- Lakh Waryah Location in Punjab, India Lakh Waryah Lakh Waryah (India)
- Coordinates: 31°16′11″N 75°13′44″E﻿ / ﻿31.269808°N 75.228945°E
- Country: India
- State: Punjab
- District: Kapurthala

Government
- • Type: Panchayati raj (India)
- • Body: Gram panchayat

Languages
- • Official: Punjabi
- • Other spoken: Hindi
- Time zone: UTC+5:30 (IST)
- PIN: 144626
- Telephone code: 01822
- ISO 3166 code: IN-PB
- Vehicle registration: PB-09
- Website: kapurthala.gov.in

= Lakh Waryah =

Lakh Waryah is a village in Sultanpur Lodhi tehsil in Kapurthala district of Punjab, India. It is located 15 km from the city of Sultanpur Lodhi, 40 km away from district headquarter Kapurthala. The village is administrated by a Sarpanch who is an elected representative of village as per the constitution of India and Panchayati raj (India).

== Demography ==
According to the report published by Census India in 2011, Lakh Waryah has a total number of 112 houses and population of 651 of which include 343 males and 308 females.

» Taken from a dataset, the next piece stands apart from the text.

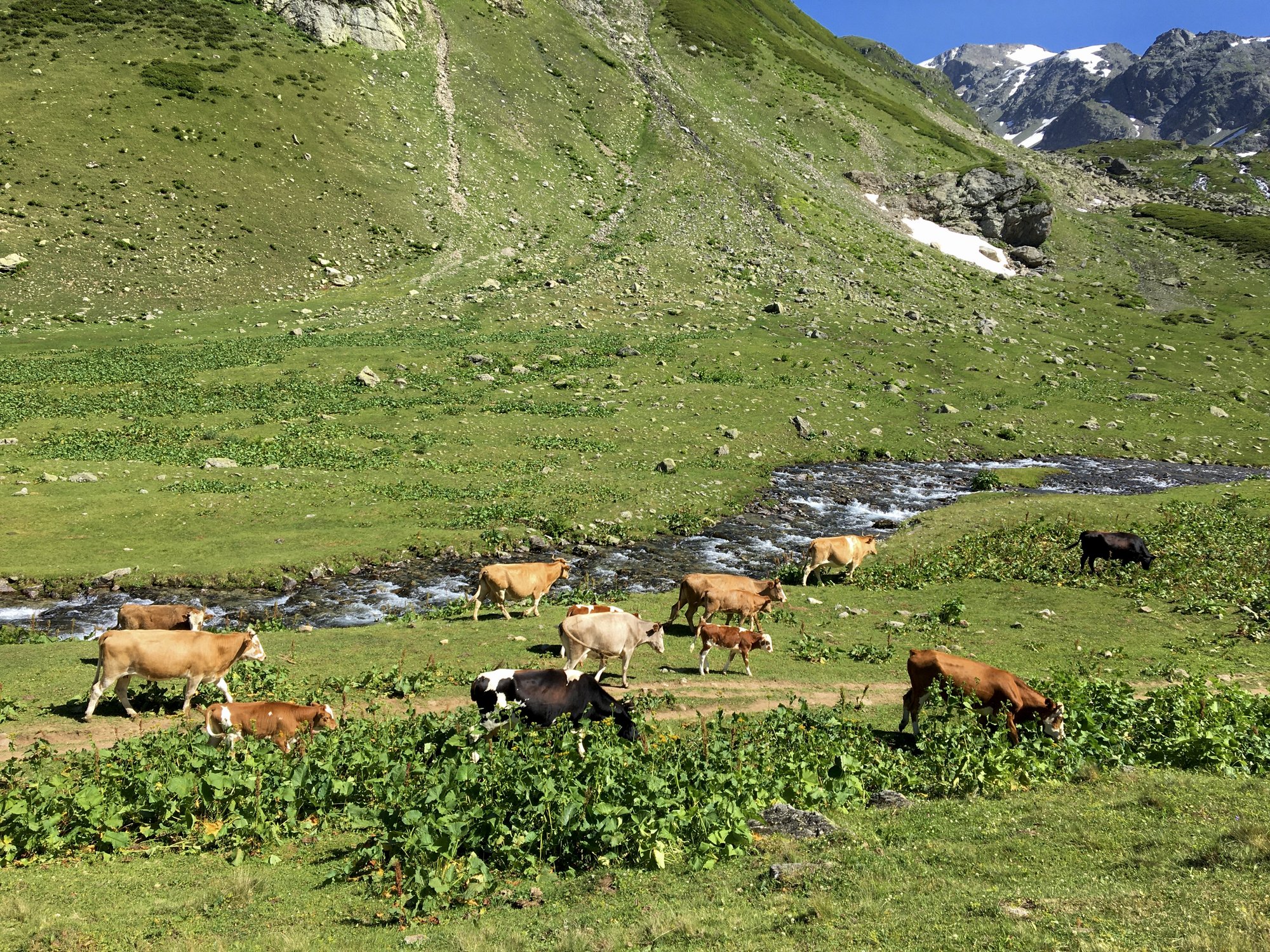 Стадо коров ленно бродит по зарослям дикого щавеля на берегу реки по пути на озеро Семицветное в Архызе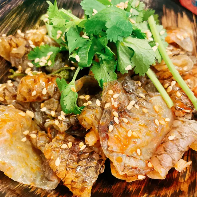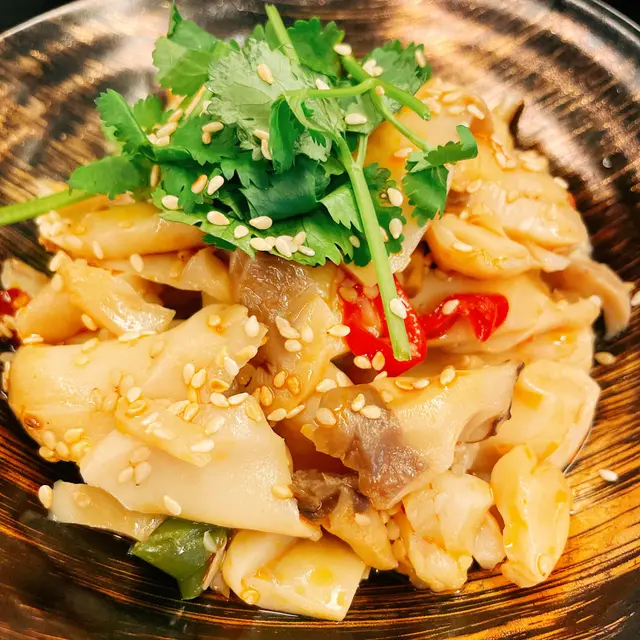 冰鎮住上枱❄️!魚皮薄到透光,咬落「嗦嗦聲」脆過薯片,藤椒油嘅麻香係慢慢滲出嚟🌶️,唔會嗆喉,反而帶出魚鮮,蘸少少醋酸香提鮮,開胃到追加一碟!

Literacy rate of Lakh Waryah is 63.44%, lower than state average of 75.84%. The population of children under the age of 6 years is 63 which is 9.68% of total population of Lakh Waryah and child sex ratio is approximately 1032, higher than state average of 846.

== Population data ==

| Particulars | Total | Male | Female |
|---|---|---|---|
| Total No. of Houses | 112 | - | - |
| Population | 651 | 343 | 308 |
| Child (0-6) | 63 | 31 | 32 |
| Schedule Caste | 488 | 255 | 233 |
| Schedule Tribe | 0 | 0 | 0 |
| Literacy | 63.44 % | 69.23 % | 56.88 % |
| Total Workers | 196 | 192 | 4 |
| Main Worker | 169 | 0 | 0 |
| Marginal Worker | 27 | 25 | 2 |

==Work profile==
As per census 2011, 196 people were engaged in work activities out of the total population of Lakh Waryah which includes 192 males and 4 females. According to census survey report 2011, 86.22% workers (Employment or Earning more than 6 Months) describe their work as main work and 13.78% workers are involved in Marginal activity providing livelihood for less than 6 months.

== Caste ==
The village has schedule caste (SC) constitutes 74.96% of total population of the village and it doesn't have any Schedule Tribe (ST) population.

==Air travel connectivity==
The closest airport to the village is Sri Guru Ram Dass Jee International Airport.

==List of cities near the village==
- Bhulath
- Kapurthala
- Phagwara
- Sultanpur Lodhi

==Air travel connectivity==
The closest International airport to the village is Sri Guru Ram Dass Jee International Airport.